De tweelingbroer van de door de bende Haemers vermoorde geldkoerier Ronny Croes

“Ik ben leerkracht geschiedenis. Deze week heb ik tijdens mijn les actualiteit nog de vergelijking gemaakt tussen de loden jaren tachtig en de aanslagen door de IS nu. Ik heb alle organisaties opgesomd die destijds met terreur te maken hadden. Het was veel erger dan nu. De jaren tachtig waren héél donkere jaren.”

“Mijn tweelingbroer is omgekomen bij een zeer gewelddadige overval van de bende-Haemers op een geldtransport in Groot-Bijgaarden op 31 januari 1989. Ik had het bericht op het nieuws gehoord, maar ik wist niet dat mijn broer het slachtoffer was. Normaal zat zijn dienst er al op, maar hij is die dag gebeld met de vraag of hij nóg een rit kon maken.”

“Mensen van het koerierbedrijf GMIC hebben me toen opgehaald en ingelicht. De politie hebben wij niet gezien of gehoord.
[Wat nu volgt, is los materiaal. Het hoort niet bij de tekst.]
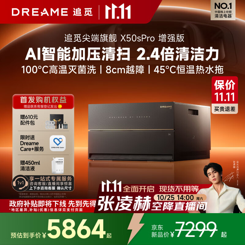 追觅【张凌赫代言】X50sPro增强版扫地机器人扫拖一体自动清洗全自动基站自清洁家用机器人超薄版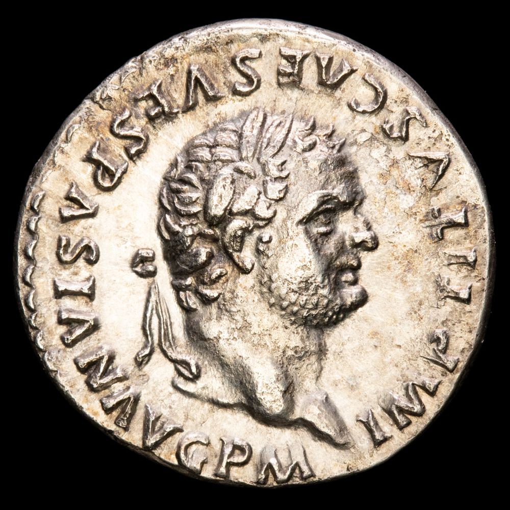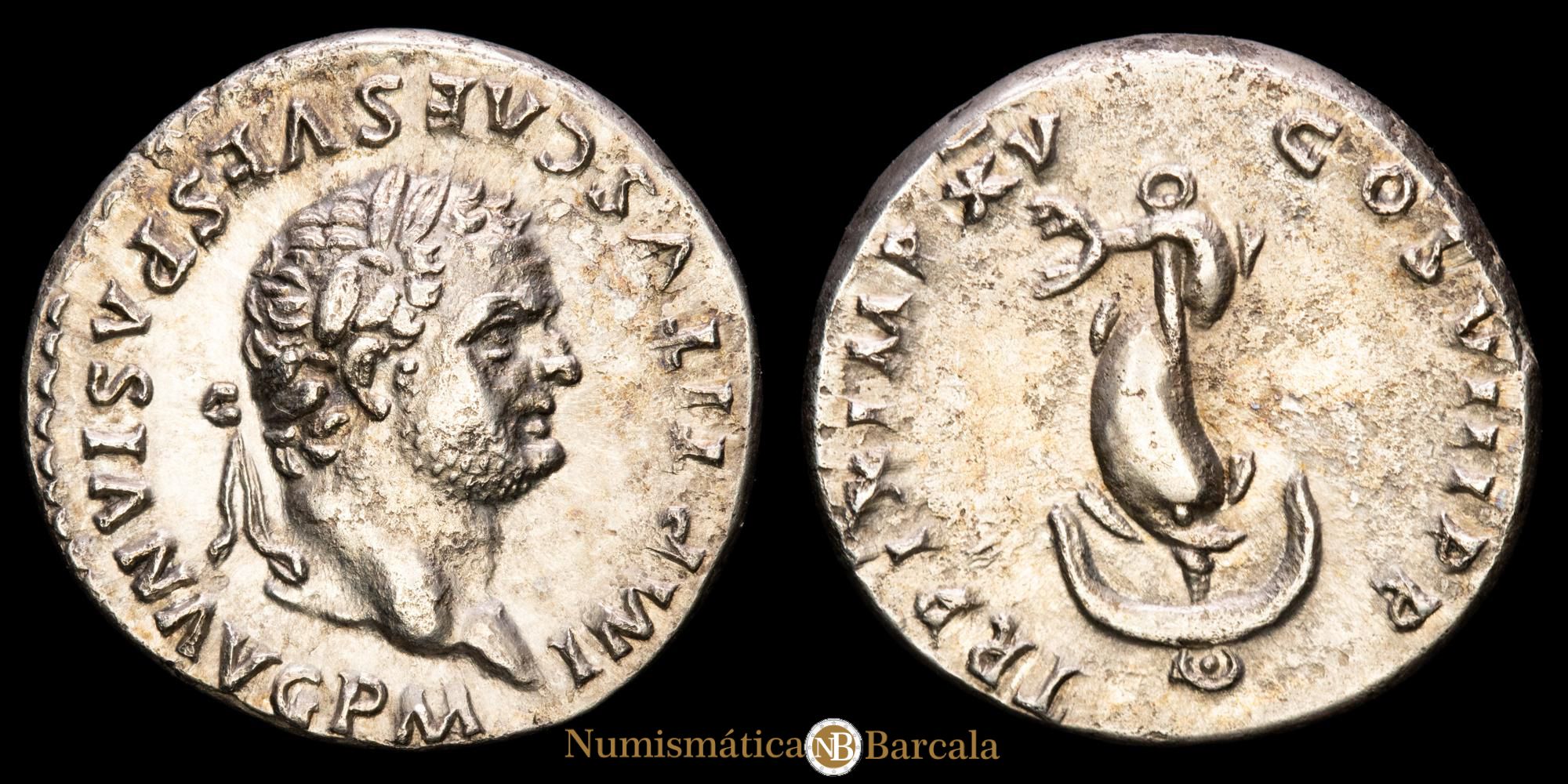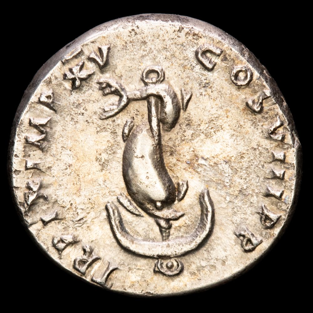 Tito. Denario (3,29 g.). Roma, 80 d.C. RIC-112. Delfín sobre ancla. EBC.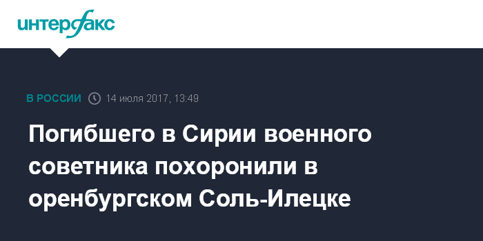 Москва. 14 июля. INTERFAX.RU - Церемония прощания с погибшим в Сирии военным советником, капитаном Николаем Афанасовым прошла в пятницу в Оренбургской области.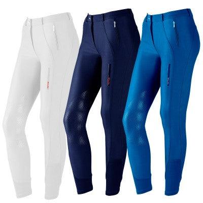 Model in light technical fabric (90% nylon, 10% spandex), soft and extra comfort, with vertical side cuts, vertical zipped pockets, shaped seat, silicone knee patches, stretch ankle insert.
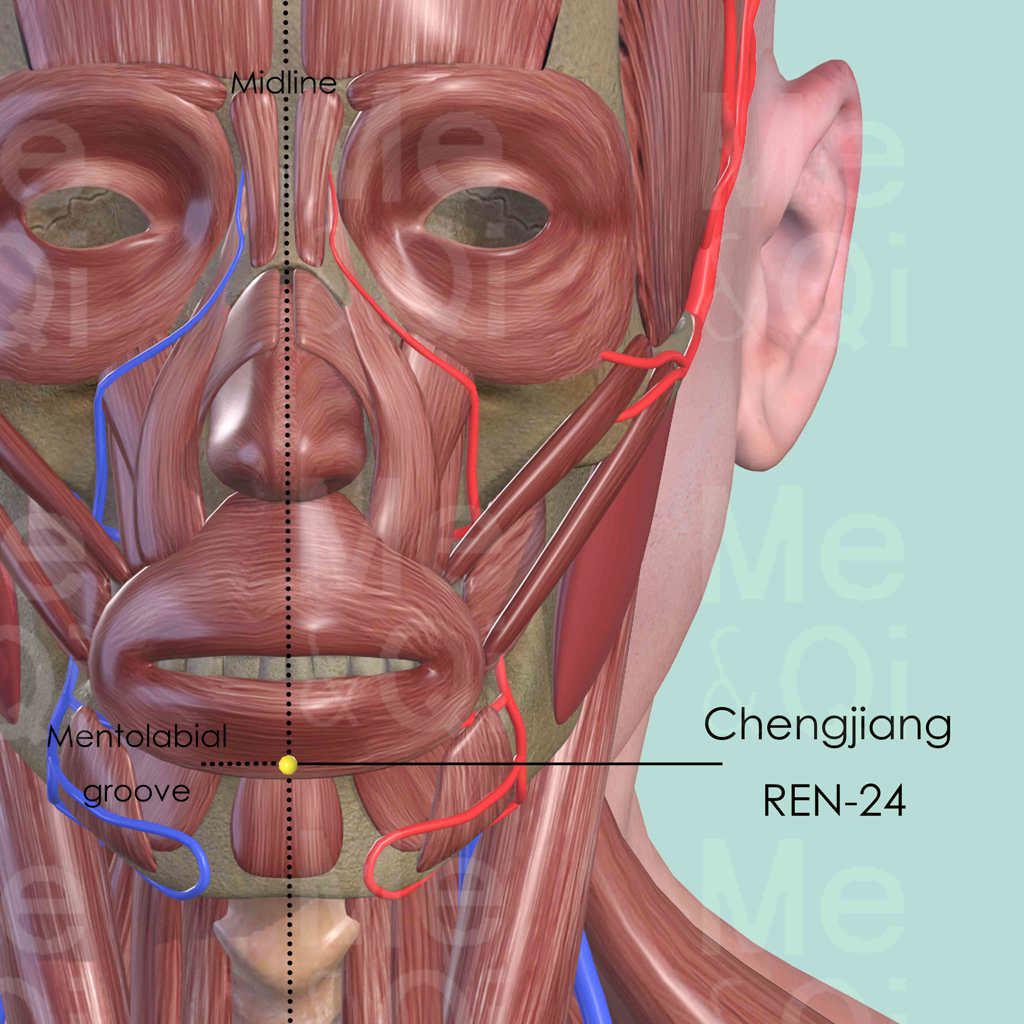 Locate Chengjiang REN-24 in the center of the depression of the mentolabial groove.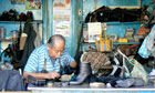 Natalie Mayer, judge: Lovely colours, and an interesting scene, perfectly cropped. There is a whole life going on in that little shop, even a christmas tree up on the shelf, CD's, the Pope ... and the man is intently working, oblivious to the camera. This shot is spot on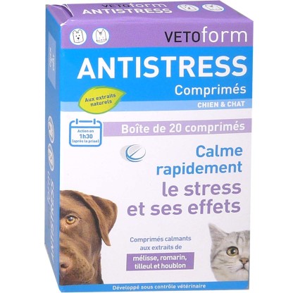 ANTISTRESS Chien et chat de VETOFORM discount, l’aliment complémentaire naturel dans votre parapharmacie en ligne à prix discount, qui détend et apaise les animaux pouvant être stressés par des changements (déménagement, séparation, arrivée d’un animal ou d’un enfant,…) ou lors de problèmes de comportements (marquage urinaire, comportement destructeur,…)

Als er nu iets gebeurt, word je meteen omringd door psychologen, en dat is goed. Wij hebben destijds geen psychologische of juridische bijstand gekregen. Ik heb dat aangeklaagd bij politici. Dat heeft er mee voor gezorgd dat er een fonds voor slachtofferhulp is gekomen.”

“De nieuwe berichten over de Bende van Nijvel rakelen dat niet opnieuw op: ik leef al dertig jaar met dat verdriet. Na zoiets slaat niets je nog uit het lood. Ook al heeft Haemers zelfmoord gepleegd en hebben de andere daders achter de tralies gezeten, er blijven veel vragen onbeantwoord. Er is van alles wat niet klopt. Hoe is het mogelijk dat Haemers zonder enig probleem naar Brazilië kon reizen en weer terug naar ons land kon keren om wat overvallen te plegen? Hoe kán het dat een van de meest gezochte misdadigers zomaar het land in en uit kon als hij dat wilde? Sommige speurders wilden hem zeker pakken, maar ik heb altijd de indruk gehad dat er ook obstructie was van binnenuit.”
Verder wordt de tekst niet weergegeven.